Problem requirements:
Restate, exactly as written, the entries below from the line that holds "恥ずかしいあだ名 | 『プリティーチェーザレ』『チェっちょ』 |" through the line that holds "The GX709 is". Pictures are not part of the copy.

Provided information:
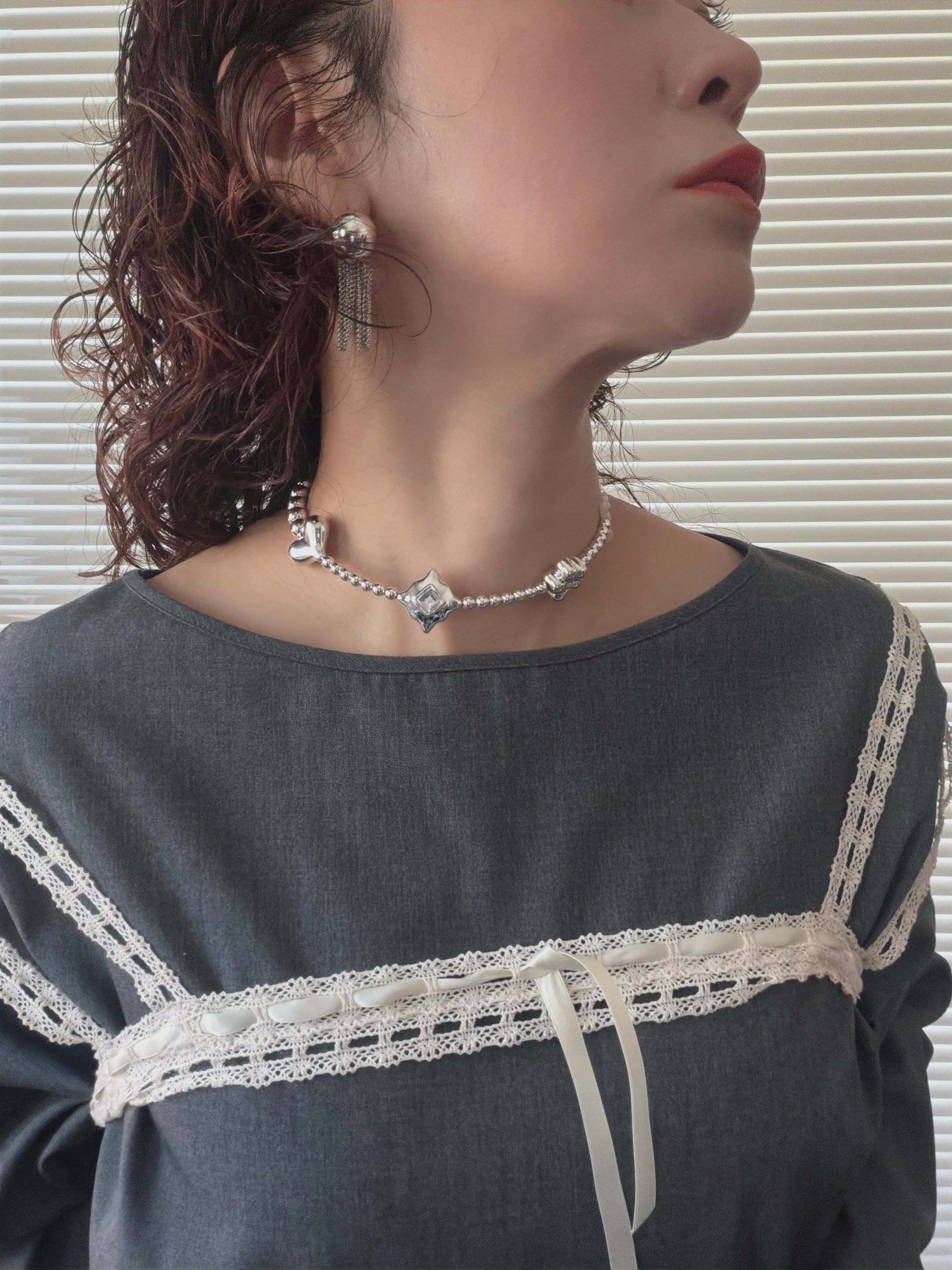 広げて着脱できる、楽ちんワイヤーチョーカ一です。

--

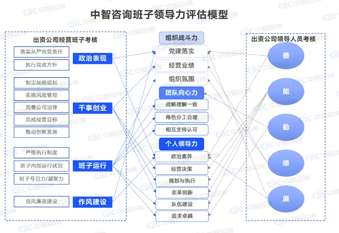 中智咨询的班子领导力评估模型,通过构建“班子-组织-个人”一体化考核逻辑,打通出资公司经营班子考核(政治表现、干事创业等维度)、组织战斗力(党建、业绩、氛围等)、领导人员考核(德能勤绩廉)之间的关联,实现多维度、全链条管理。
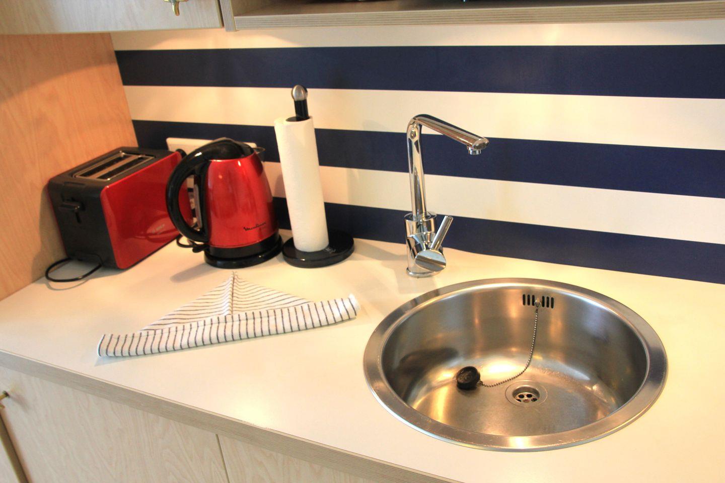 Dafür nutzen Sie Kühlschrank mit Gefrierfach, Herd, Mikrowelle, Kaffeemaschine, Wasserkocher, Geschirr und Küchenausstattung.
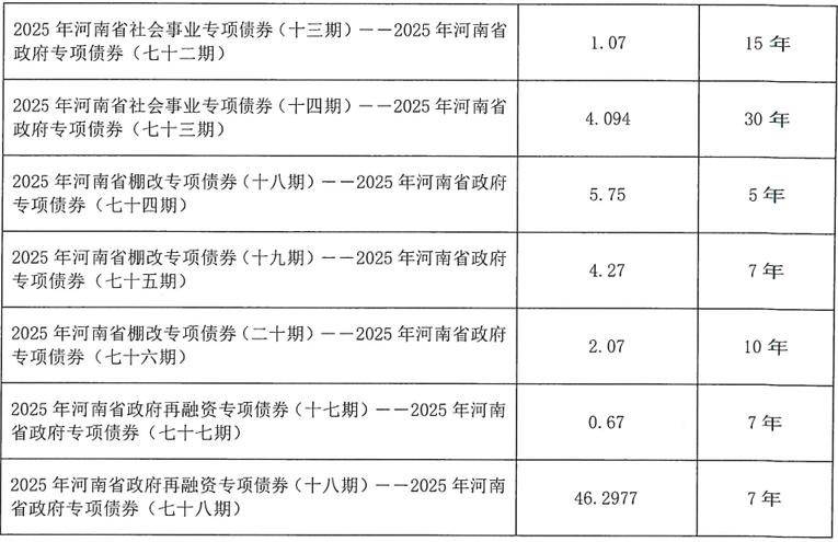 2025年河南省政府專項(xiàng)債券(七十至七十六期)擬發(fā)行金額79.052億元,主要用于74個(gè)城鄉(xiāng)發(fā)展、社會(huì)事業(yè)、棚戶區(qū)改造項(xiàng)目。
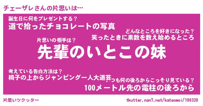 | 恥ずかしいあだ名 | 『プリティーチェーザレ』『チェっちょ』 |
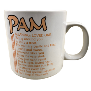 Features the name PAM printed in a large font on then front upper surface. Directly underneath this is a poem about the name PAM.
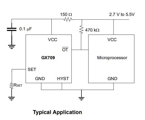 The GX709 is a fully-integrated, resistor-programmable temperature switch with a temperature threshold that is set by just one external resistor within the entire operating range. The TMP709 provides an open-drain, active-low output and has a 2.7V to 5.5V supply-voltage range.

---

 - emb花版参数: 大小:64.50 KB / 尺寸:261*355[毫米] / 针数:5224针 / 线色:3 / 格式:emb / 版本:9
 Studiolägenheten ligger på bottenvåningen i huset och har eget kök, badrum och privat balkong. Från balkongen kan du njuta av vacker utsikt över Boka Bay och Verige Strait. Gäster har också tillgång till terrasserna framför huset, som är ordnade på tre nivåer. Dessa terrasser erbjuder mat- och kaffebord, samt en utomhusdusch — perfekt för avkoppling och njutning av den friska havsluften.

Exercise solution:
 | 恥ずかしいあだ名 | 『プリティーチェーザレ』『チェっちょ』 |
 Features the name PAM printed in a large font on then front upper surface. Directly underneath this is a poem about the name PAM.
 The GX709 is a fully-integrated, resistor-programmable temperature switch with a temperature threshold that is set by just one external resistor within the entire operating range. The TMP709 provides an open-drain, active-low output and has a 2.7V to 5.5V supply-voltage range.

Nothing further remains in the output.